The One-Way ANOVA \(F\)-test, provided below, suggests strong evidence against the null hypothesis of no difference in the true mean growth scores among the different types of schools (\(F(2,197)=23.56,\text{ p-value}<0.0001\)). But the residuals from this model displayed in the QQ-Plot in Figure 2.95 contain a slightly long right tail and short left tail, suggesting a right skewed distribution for the residuals. In a high-stakes situation such as this, reporting results with violations of the assumptions probably would not be desirable, so another approach is needed. The permutation methods would be justified here but there is another “simpler” option available using our new Chi-square analysis methods.
(ref:fig5-24) QQ-plot of standardized residuals from the One-Way ANOVA linear model.
## Anova Table (Type II tests)
##
## Response: growth
## Sum Sq Df F value Pr(>F)
## stype 30370 2 23.563 6.685e-10
## Residuals 126957 197
One way to get around the normality assumption is to use a method
that does not assume the responses
follow a normal distribution.

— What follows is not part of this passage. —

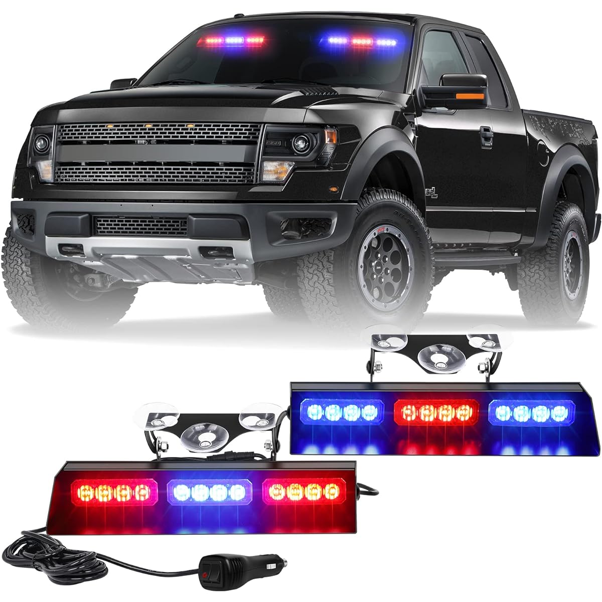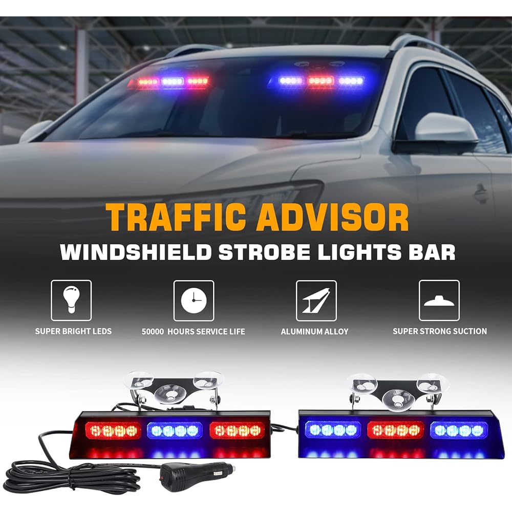High quality windshield light: Comes with 24 high brightness lamp beads. High quality aluminum alloy & durable polycarbonate lens. You'll be clearly visible during the day, making other drivers aware of your presence and keeping you safe. Improve driving safety and prevent traffic accidents. Service life is 50,000 hours. Easy to install: Adjustable suction cup holder bracket. No drilling or damage to the vehicle is required. Can be applied to windshield or rear window. Split design allows you to install more freely. 16 flash modes: 16 flash patterns and final memory recall. You can easily switch between strobe modes by simply pressing the double switch button. Plug and play, meet your needs in different situations. The flash patterns of the two lights are synchronized. Flashback Guard: This specially designed guard securely fixed to the windshield prevents glare from flashbacks from LEDs. High-brightness aluminum alloy housing and angle-adjustable design prevent the driver's view from being obstructed. Product size: 10.1"L x 3.1"W x 1.57"H The wire length from light to light is 3.2 feet. The wire length from the light to the cigarette lighter is 9.8 feet.

If we bin or cut the quantitative response
variable into a set of ordered categories and apply a Chi-square test, we can
proceed without concern about the lack of normality in the residuals of the
ANOVA model.
To create these bins, a simple idea would be to use the quartiles
to generate the response variable categories, binning the quantitative
responses into groups for the lowest 25%, second 25%, third 25%, and highest
25% by splitting the data at \(Q_1\), the Median, and \(Q_3\). In R, the
cut
function is available to turn a
quantitative variable into a categorical variable. First, we can use the
information from favstats
to find the cut-points:
## min Q1 median Q3 max mean sd n missing
## -47 6.75 25 48 133 27.995 28.1174 200 0
The cut
function can provide the binned variable if it is provided
with the end-points of the desired intervals to
create new categories with those names in a new variable called
growthcut
.
## growthcut
## [-47,6.75] (6.75,25] (25,48] (48,133]
## 50 52 49 49
Now that we have a categorical response variable, we need to decide which
sort of Chi-square
analysis to perform. The sampling design determines the correct analysis as
always in these situations. The stratified random sample involved samples from
each of the three populations so a Homogeneity test should be employed. In
these situations, the stacked bar chart provides the appropriate summary of the
data. It also shows us the labels of the categories that the cut
function
created in the new growthcut
variable:
(ref:fig5-25) Stacked bar chart of the growth category responses by level of school.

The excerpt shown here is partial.